ID: 31867 · Report as offensive     Reply Quote
Profile Yeti
Volunteer moderator
Avatar

Send message
Joined: 2 Sep 04
Posts: 453
Credit: 193,464,258
RAC: 5,837
Message 31868 - Posted: 7 Aug 2017, 10:58:10 UTC

So far as I have understood it depends on the kind of Input-Files that our LHC-WUs are generated from. Maybe that David had not finished his fix for this.

So it must not be critical if the output is missing; if you want to check if your WU is healthy use "Properties" and check "elapsed Time" versus "CPU-Time"


Supporting BOINC, a great concept !
ID: 31868 · Report as offensive     Reply Quote
computezrmle
Volunteer moderator
Volunteer developer
Volunteer tester
Help desk expert
Avatar

Send message
Joined: 15 Jun 08
Posts: 2401
Credit: 225,401,087
RAC: 123,599
Message 31869 - Posted: 7 Aug 2017, 11:31:30 UTC - in response to Message 31868.  

So far as I have understood it depends on the kind of Input-Files that our LHC-WUs are generated from. Maybe that David had not finished his fix for this.

So it must not be critical if the output is missing; if you want to check if your WU is healthy use "Properties" and check "elapsed Time" versus "CPU-Time"

My results seem to be valid.
So the main objective of the WUs is fulfilled.

The missing console output is nothing to worry about.
My comment should have been just a hint that some hosts still have problems with it while others don't, e.g. Toby Broom's.
ID: 31869 · Report as offensive     Reply Quote
Erich56

Send message
Joined: 18 Dec 15
Posts: 1687
Credit: 102,987,306
RAC: 125,849
Message 31908 - Posted: 10 Aug 2017, 18:10:22 UTC

A minute ago, I retried the VM console - and, surprise, this time it worked :-)

Thanks to whoever got the problem solved!
ID: 31908 · Report as offensive     Reply Quote
computezrmle
Volunteer moderator
Volunteer developer
Volunteer tester
Help desk expert
Avatar

Send message
Joined: 15 Jun 08
Posts: 2401
Credit: 225,401,087
RAC: 123,599
Message 32042 - Posted: 22 Aug 2017, 9:38:45 UTC - in response to Message 31908.  

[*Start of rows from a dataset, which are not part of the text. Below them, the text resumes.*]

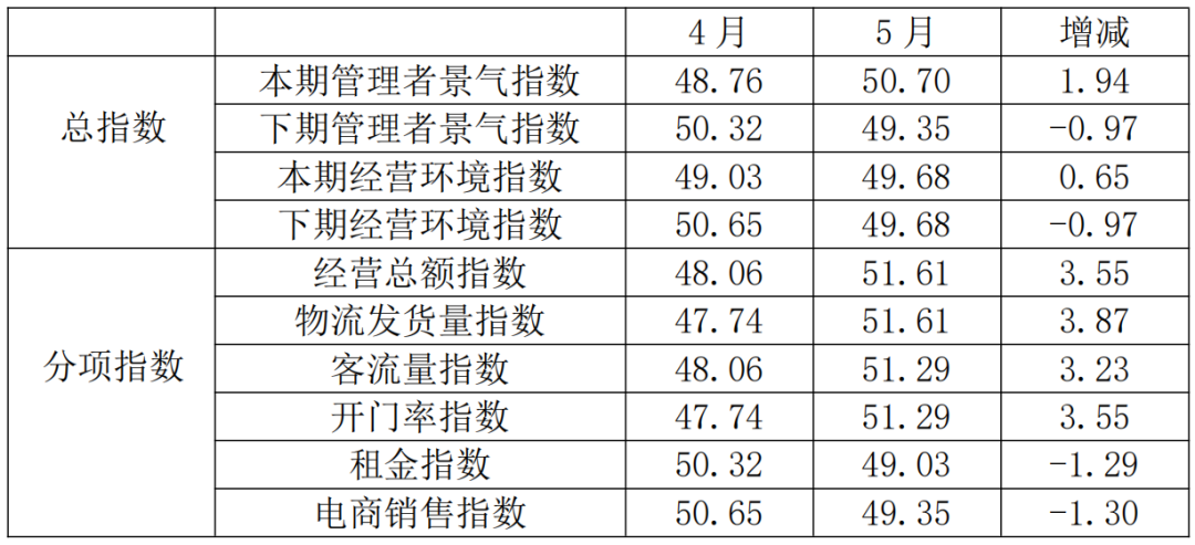 从管理者景气指数来看,总指数中,5月管理者景气指数为50.70,比4月的48.76上升1.94个百分点;经营环境指数为49.68,比4月的49.03上升0.65个百分点。分项指数中,经营总额指数为51.61,比4月的48.06上升3.55个百分点;物流发货量指数为51.61,比4月的47.74上升3.87个百分点;客流量指数为51.29,比4月的48.06上升3.23个百分点;开门率指数为51.29,比4月的47.74上升3.55个百分点;租金指数为49.03,比4月的50.32下降1.29个百分点;电商销售指数为49.35,比4月的50.65下降1.30个百分点。
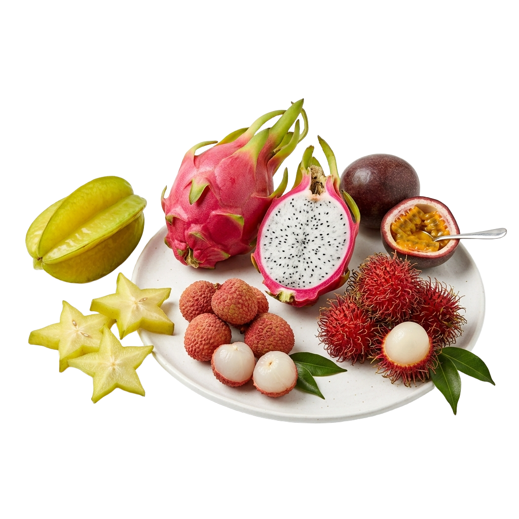 Dragon Fruit, Mangoes, Passion Fruit
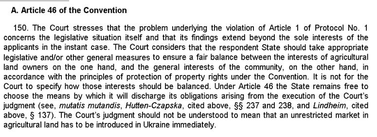 Многие украинские СМИ поспешили сообщить, что ЕСПЧ признал земельный мораторий в Украине противоречащим Конституции и законам. Это не так: в п.107 своего решения суд указал, что мораторий соответствует требованиям законности, установленным в Протоколе №1 к Конвенции по правам человека:
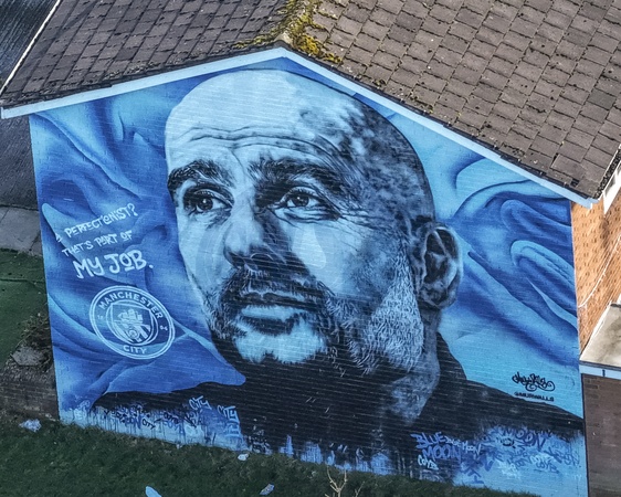 Pep Guardiola manager of Manchester City mural on a fans house during the UEFA Champions League match Manchester City vs Galatasaray at The City of Manchester Stadium, Manchester, United Kingdom, 28th January 2026, Credit:Mark Cosgrove/News Images / Avalon
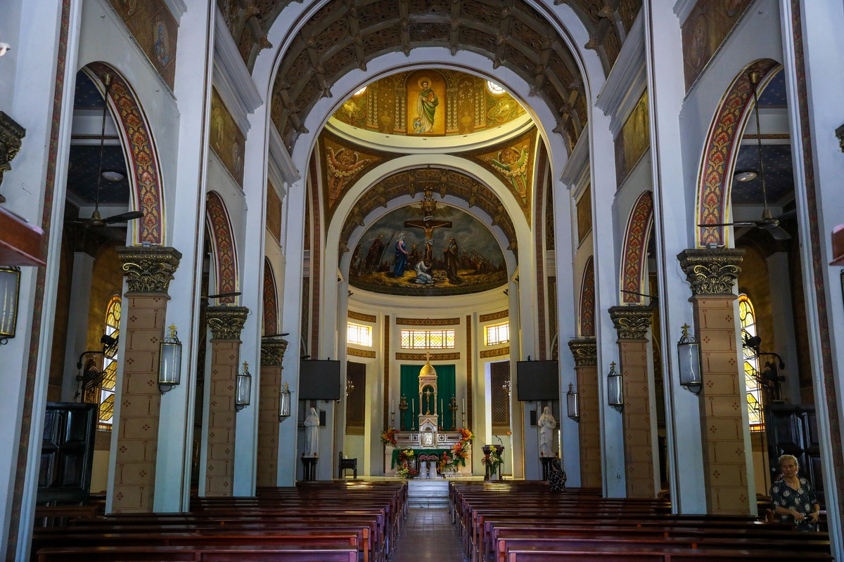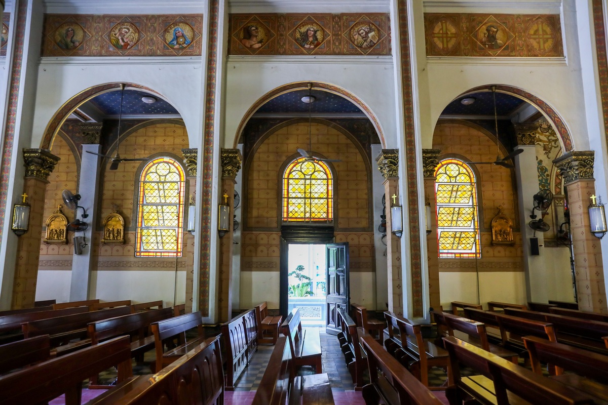 Những hàng cột trong thánh đường kiểu vòm cung, thiết kế đối xứng nhau. Xen lẫn giữa các ô cửa sổ kính màu là những bức phù điêu được thếp vàng kể lại từng chặng đường khổ nạn mà Chúa Giesu đã trải qua.
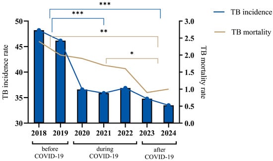 8]. In 2024, tuberculosis incidence (per 100,000 people) and mortality were significantly reduced by 30.5% (to 33.5) and 58.3% (1.0), respectively, reflecting improved health outcomes in the post-pandemic period.
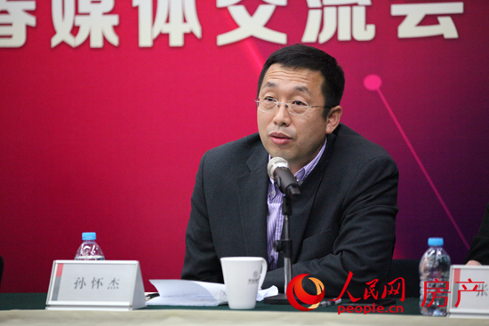 华远地产总经理孙怀杰回答记者问。(人民网 伍振国/摄)
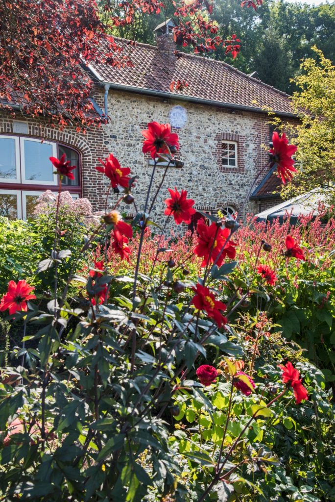 Toen ze er kwamen wonen lag de tuin rond de oude hoeve net over de grens van België er verwaarloosd bij, maar Maria toverde de wildernis om tot een paradijs. Ook in september bloeien de borders nog volop, als een warme afscheidsgroet van de zomer.
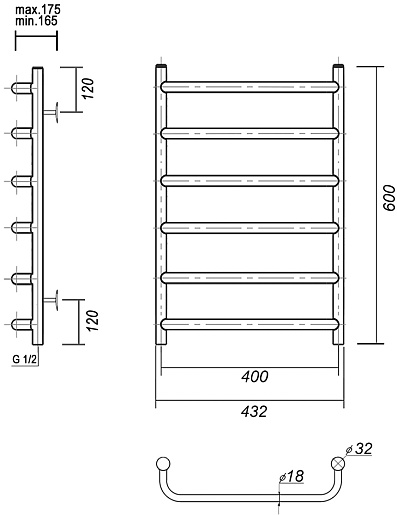 Комплектация: полотенцесушитель, крепление телескопическое (4 шт.), заглушка, кран Маевского, угловой переходник (2 шт.).
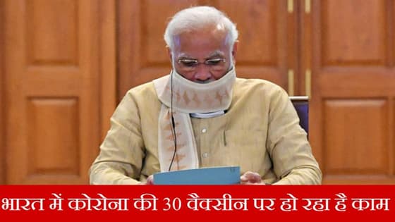 प्रधानमंत्री नरेंद्र मोदी ने देश में कोरोनावायरस का वैक्सीन बनाने की कोशिशों की समीक्षा की। कोरोना वैक्सीन डेवलपमेंट, ड्रग डिस्कवरी, डायग्नोसिस एंड टेस्टिंग पर बनी टास्कफोर्स की बैठक मंगलवार शाम को हुई। बैठक के बाद ये बताया गया कि देश में कोरोना की 30 वैक्सीन के डेवलपमेंट का काम अलग-अलग स्टेज पर है। इनमें से कुछ का ट्रायल भी शुरू होने वाला है।
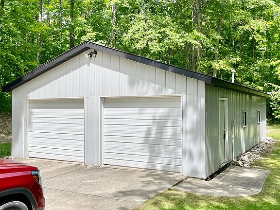 Private Haven on 10 Wooded Acres with Charming Home - Approach this true oasis via a private drive that winds thru the towering canopy of hardwoods, ensuring peace and tranquility. A spacious but cozy retreat awaits—a place to unwind, surrounded by nature. Imagine sipping coffee in the morning or hosting gatherings on this expansive porch, surrounded by lush greenery. Abundant living space that flows from the family room/den with toasty wood stove, thru to the central gathering room and well-appointed kitchen and dining. This house seamlessly combines comfort with contemporary living. 28x40 heated garage with workshop has space for your hobbies, tools, and storage needs.
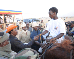 En marge des manifestations de la fête nationale de la transhumance, le couple présidentiel a honoré de sa présence à la parade des chevaux et chameaux organisée à son intention dans la matinée du 18 Novembre 2012 à léhippodrome de Ouadi Djedid. Cette parade a vu la participation de quelque 3000 cavaliers et chameliers de la région du Batha et des délégations venues des régions du Borkou,de léEnnedi Est et Ouest. Léoccasion était tout indiquée pour le Président de la République IDRISS DEBY ITNO et la Première Dame HINDA DEBY ITNO déapprécier les différentes races et types de chevaux et chameaux des régions précitées et les richesses culturelles du pays de Toumai. Dans léaprès-midi, le couple présidentiel a assisté à trois courses de chevaux et à deux courses de chameaux. Il séagit du « GRAND PRIX FENAT 2012 »placé sous le haut patronage du Chef de léÉtat organisé grâce à léassistance technique de léAssociation déEncouragement pour léamélioration des races des chevaux au Tchad (AEARCT).Toutes ces courses sont dotées de meilleurs prix allant de 100.000FCFA à 2.000.OOO de Francs CFA. La première course de chevaux est courue sur une distance de 1500mètres avec 17 chevaux partant. La deuxième course a regroupé 20 chevaux sur une distance de 1600 mètres et la troisième course des chevaux courue sur 1800mètres. La première course des dromadaires a vu le départ de 70 chameaux et la deuxième, la participation de 72 dromadaires qui ont couru sur une distance de 5000 mètres soit 5kilomètres. A léissue de ces courses, des prix de réconfort ont été décernés par le Chef de léÉtat IDRISS DEBY ITNO à la Télévision panafricaine AFRICA 24 et à léOffice national de Radio et Télévision (ONRTV) pour la bonne couverture médiatique de léévènement.

A minute ago, I retried the VM console - and, surprise, this time it worked :-)

Thanks to whoever got the problem solved!

Is it really solved?
On my hosts the output is printed only right before the end of WU.
ID: 32042 · Report as offensive     Reply Quote
computezrmle
Volunteer moderator
Volunteer developer
Volunteer tester
Help desk expert
Avatar

Send message
Joined: 15 Jun 08
Posts: 2401
Credit: 225,401,087
RAC: 123,599
Message 32157 - Posted: 31 Aug 2017, 7:48:31 UTC - in response to Message 32042.  

A minute ago, I retried the VM console - and, surprise, this time it worked :-)

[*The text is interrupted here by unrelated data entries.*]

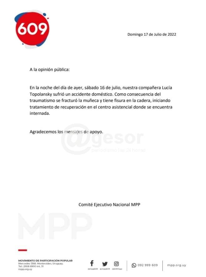 En la noche del día de ayer, sábado 16 de julio, nuestra compañera Lucía Topolansky sufrió un accidente doméstico. Como consecuencia del traumatismo se fracturó la muñeca y tiene fisura en la cadera, iniciando tratamiento de recuperación en el centro asistencial donde se encuentra internada.
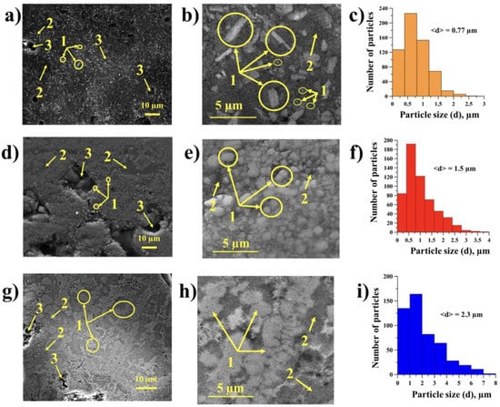 Backscattered SEM images of the SHS products and distribution of TiB2 particles in the SHS products obtained from the Al-Ti-B powder mixture after: (a–c) 60 s, (d–f) 180 s, and (g–i) 900 s of mechanical activation. Region 1: TiB2 particles; region 2: aluminum matrix; region 3: pores.
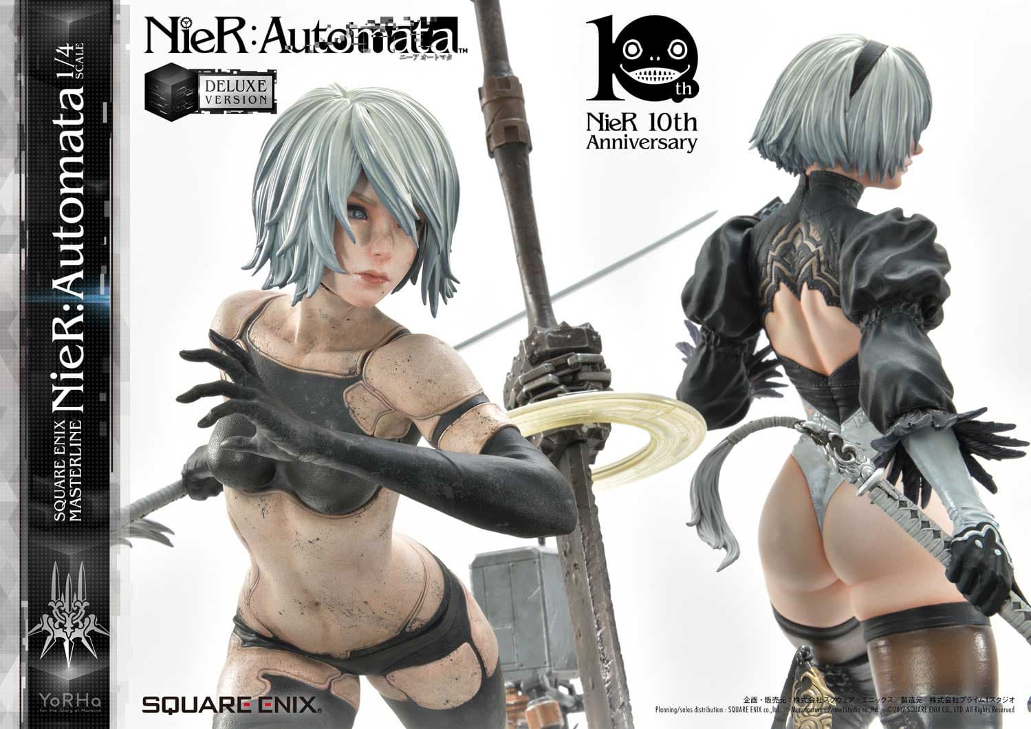 Компания Prime 1 Studio представила фигурку героев 2B, 9S и A2 из игры Nier: Automata высотой 63,2 сантиметра. Фигурка примечательна проработкой всех деталей и дополнительными элементами доступными в рамках Deluxe-издание. Каждая такая фигурка раскрашивается вручную.

Thanks to whoever got the problem solved!

Is it really solved?
On my hosts the output is printed only right before the end of WU.

Still not solved.
And what about the plans to activate a top console?
This would be very helpful to identify error conditions, e.g. not enough RAM.
ID: 32157 · Report as offensive     Reply Quote
David Cameron
Project administrator
Project developer
Project scientist

Send message
Joined: 13 May 14
Posts: 387
Credit: 15,314,184
RAC: 0
Message 32171 - Posted: 1 Sep 2017, 12:59:59 UTC - in response to Message 32157.  

I think there might be a problem with reporting the events in single-core tasks and from a brief look at your results I see only single core. In this case the logs we extract the information from are structured slightly differently. I'll try running some single core tasks to investigate.

In the meantime I think I have finally got top working in console 3, can others confirm that it works for them? If so I will post a new thread to celebrate!
ID: 32171 · Report as offensive     Reply Quote
computezrmle
Volunteer moderator
Volunteer developer
Volunteer tester
Help desk expert
Avatar

Send message
Joined: 15 Jun 08
Posts: 2401
Credit: 225,401,087
RAC: 123,599
Message 32173 - Posted: 1 Sep 2017, 14:03:44 UTC - in response to Message 32171.  

David Cameron wrote:
... finally got top working in console 3, can others confirm that it works ...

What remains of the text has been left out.